The IFC's critics see two obvious ways to fix it: dramatically overhaul its priorities or sharply reduce its funding and channel those resources toward the type of World Bank projects that more closely align with its anti-poverty mission.
Kaldany said that the IFC is seeking to increase its number of small projects, of under $5 million and tightly targeted on the poor, and to devote more attention to the poorest of the poor countries. In the most recent fiscal year, it generated 105 of the smaller projects, 20 percent of its total deals, although a much smaller percentage of its total dollar outlays. (IFC officials couldn't immediately provide that number.)
But don't count on a new direction. Although its new leadership has remained publicly mum, the IFC's new chief, Cai, has told people he strongly supports its current strategy.
IN ACCRA, NOT FAR from the new Mövenpick, the IFC's posh offices -- sporting a lawn, flowers, and private parking -- sit amid a slum, surrounded by an imposing concrete wall topped by coils of barbed wire. The only paved part of the road to the IFC is directly in front of the guarded complex, which has no sign announcing its identity. The rest of the road is a winding, dusty dirt path filled with potholes and surrounded by hovels erected out of battered metal or wood.
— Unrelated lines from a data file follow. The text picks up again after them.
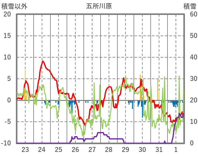 | 日 | 時 | 気温 | 降水 | 風向/風速 | 日照 | 積雪 | 降雪 |
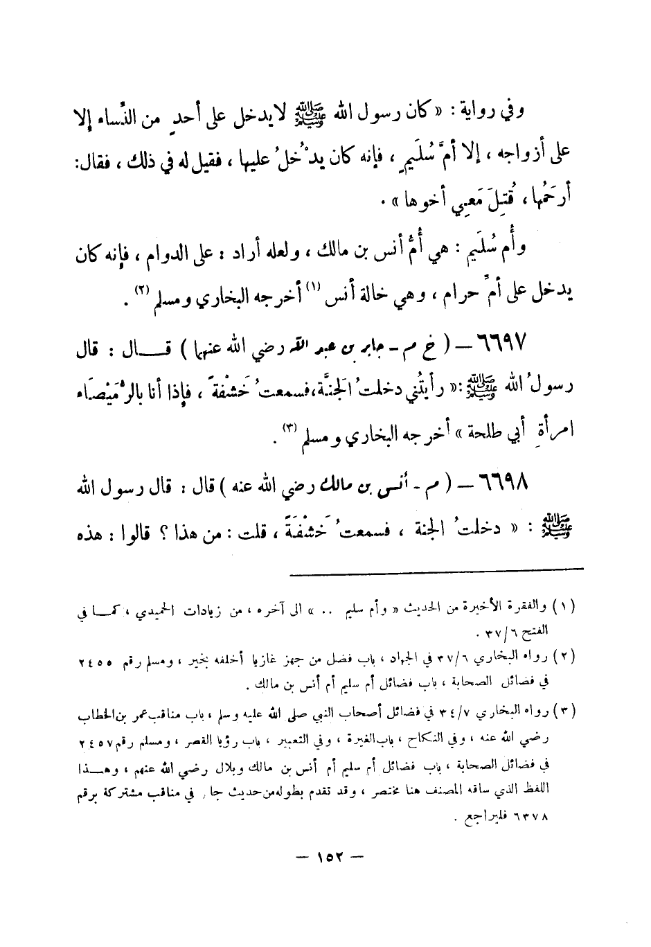 6697 - (خ م) جابر بن عبد الله - رضي الله عنهما - قال: قال رسولُ الله - صلى الله عليه وسلم-: «رأيتُني دخلتُ الجنَّة، فسمعتُ خَشْفَة، فإذا أنا بالرُّمَيْصَاء امرأة أبي طلحة» أخرجه البخاري ومسلم (¬1) .
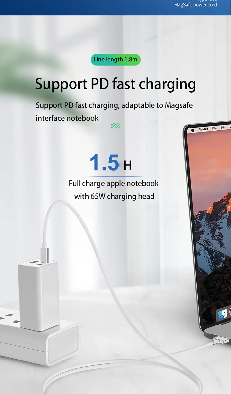 Ihuigol Новый 1,8 м светодиодные фонари магнитные для USB C к Mag Безопасный 2 1 быстрая зарядка кабель PD зарядное устройство для MacBook Air Pro адаптер питания
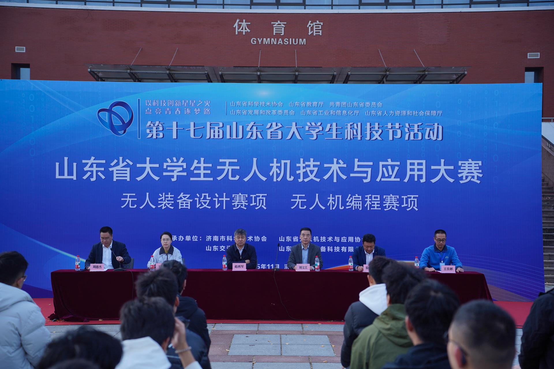 11月15日,第十七届山东省大学生科技节活动——山东省大学生无人机技术与应用大赛无人装备设计、无人机编程赛项在我校举行,山东省无人机技术与应用协会会长赵西军、副秘书长徐天戈,我校航空学院院长刘文江参加开幕式。
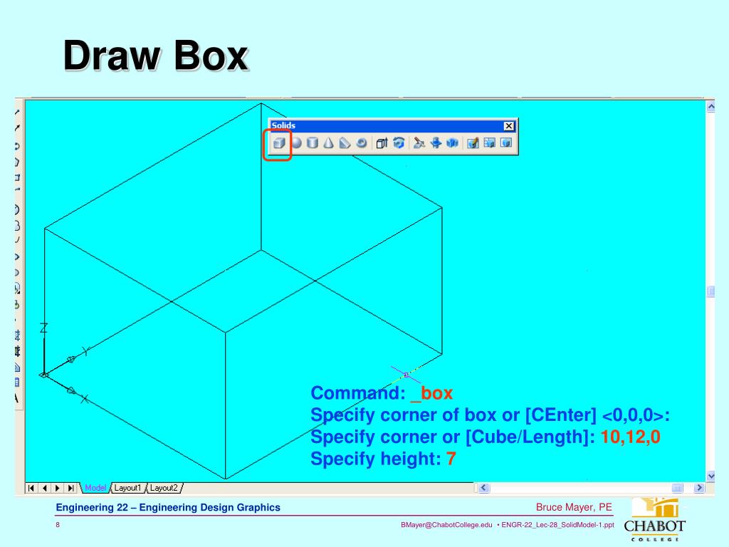 Draw Box Command: _box Specify corner of box or [CEnter] <0,0,0>: Specify corner or [Cube/Length]: 10,12,0 Specify height: 7

Barefoot children sit amid goats and roving chickens, on ground dotted by garbage and litter. Women cook tiny fish strung onto sticks over an open fire, ignoring the near-100-degree temperatures. I approached them one day in July, and some of them said they had lived there for 15 years. When asked whether they knew what the World Bank is, they said no. When told that it fights poverty, many of them laughed.
"We need help, and we know there are places that help," said one woman who was cooking as two young boys clung to her legs. "But we have never heard of them."